Kenaikan Harga Rokok Ancam Keberlangsungan Industri Hasil Tembakau

Jakarta – Guru Besar Fakultas Ekonomi dan Bisnis Universitas Brawijaya (PPKE FEB-UB), Candra Fajri Ananda mengatakan, kebijakan kenaikan harga rokok selama ini lebih berdampak pada industri hasil tembakau (IHT) daripada penurunan angka prevalensi merokok.

Berdasarkan hasil penelitian Pusat Penelitian Kebijakan Ekonomi (PPKE) FEB-UB menunjukan bahwa kenaikan tarif cukai dan harga rokok dalam jangka pendek dan panjang dapat berdampak negatif terhadap keberlangsungan IHT.

Menurut dia, setiap 1% penurunan volume produksi rokok yang dialami oleh pabrikan rokok berpita cukai (legal) berdampak signifikan terhadap penurunan jumlah pabrikan rokok sebesar 0,1% dalam jangka pendek.

“Sedangkan setiap 1% kenaikan harga rokok ilegal berdampak signifikan terhadap penurunan jumlah pabrikan rokok sebesar 0,48% dalam jangka panjang,” ujar Candra dalam sebuah diskusi yang dikutip Sabtu, 25 September 2021.

Candra mengatakan, kenaikan rokok ilegal dapat mengancam keberlangsungan pabrikan rokok dalam jangka pendek maupun jangka panjang. Setiap 1% kenaikan jumlah peredaran rokok ilegal berdampak signifikan terhadap penurunan jumlah pabrikan rokok sebesar 2,9% dalam jangka pendek.

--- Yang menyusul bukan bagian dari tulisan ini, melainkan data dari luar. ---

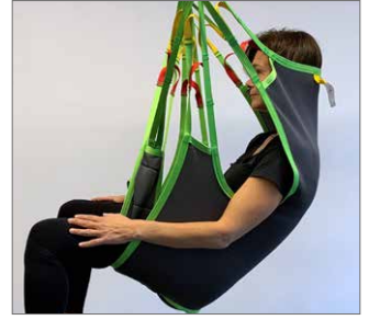
Silhouette Sling Soft Art. Nr: 25019

The Silhouette Sling is a comfortable sling without reinforcements, handles or padding. It adapts to the patients body to offer good support for the entire body. The sling can be used in most lifting situations and is especially suitable for transferring to and from wheelchairs, molded seats or seating shells.

Setiap 1% kenaikan harga rokok ilegal, kata dia, berdampak signifikan terhadap penurunan jumlah pabrikan rokok sebesar 0,48% dalam jangka panjang. Terkait hal ini, kenaikan rokok ilegal di jangka pendek berdampak pada penurunan jumlah pabrikan rokok golongan 2 dan 3.

“Sedangkan dalam jangka panjang, kenaikan rokok ilegal akan berpengaruh pada penurunan jumlah pabrikan rokok golongan 1,” ujarnya.

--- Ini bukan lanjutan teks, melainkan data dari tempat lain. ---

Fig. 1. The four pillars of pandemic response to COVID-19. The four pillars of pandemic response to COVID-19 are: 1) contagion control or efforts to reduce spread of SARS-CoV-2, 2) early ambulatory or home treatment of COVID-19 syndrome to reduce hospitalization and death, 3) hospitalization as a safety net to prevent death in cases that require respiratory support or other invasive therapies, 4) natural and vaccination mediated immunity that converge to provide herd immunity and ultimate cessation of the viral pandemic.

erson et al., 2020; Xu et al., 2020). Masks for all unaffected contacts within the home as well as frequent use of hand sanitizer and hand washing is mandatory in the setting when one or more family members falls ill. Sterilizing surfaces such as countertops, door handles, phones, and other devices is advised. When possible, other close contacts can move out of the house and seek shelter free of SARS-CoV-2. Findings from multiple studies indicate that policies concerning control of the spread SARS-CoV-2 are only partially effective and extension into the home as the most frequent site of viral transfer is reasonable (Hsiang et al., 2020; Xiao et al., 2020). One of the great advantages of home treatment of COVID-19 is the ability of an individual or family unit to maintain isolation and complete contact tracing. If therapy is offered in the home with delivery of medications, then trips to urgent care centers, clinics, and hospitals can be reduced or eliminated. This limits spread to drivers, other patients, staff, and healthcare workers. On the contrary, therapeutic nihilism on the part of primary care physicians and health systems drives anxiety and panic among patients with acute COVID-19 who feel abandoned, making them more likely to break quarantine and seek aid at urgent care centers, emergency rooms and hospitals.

Selain itu, ia juga menegaskan, peredaran rokok ilegal menyebabkan negara berpotensi mengalami kehilangan penerimaan (dari CHT maupun penerimaan pajak lainnya seperti PPn atau pajak daerah). Hasil estimasi menunjukkan bahwa semakin tinggi jumlah peredaran rokok ilegal, maka potensi hilangnya penerimaan CHT juga akan semakin meningkat.

“Pada tahun 2019, ketika jumlah peredaran rokok ilegal turun signifikan, angka potensi hilangnya penerimaan CHT juga turut mengalami penurunan yang signifikan,” ucapnya.

Dalam konteks inilah, PPKE FEB-UB merekomendasikan agar pemerintah berkomitmen melakukan “rembug bersama” dengan semua pemangku kepentingan secara berkesinambungan dalam rangka menentukan Peta Jalan (Roadmap) kebijakan yang berkeadilan.

“Roadmap ini diharapkan menjadi guidance para pengambil kebijakan, sehingga kebijakan-kebijakan terkait cukai IHT ke depan memberikan rasa keadilan dan tetap menjaga kesinambungan IHT,” jelas Candra.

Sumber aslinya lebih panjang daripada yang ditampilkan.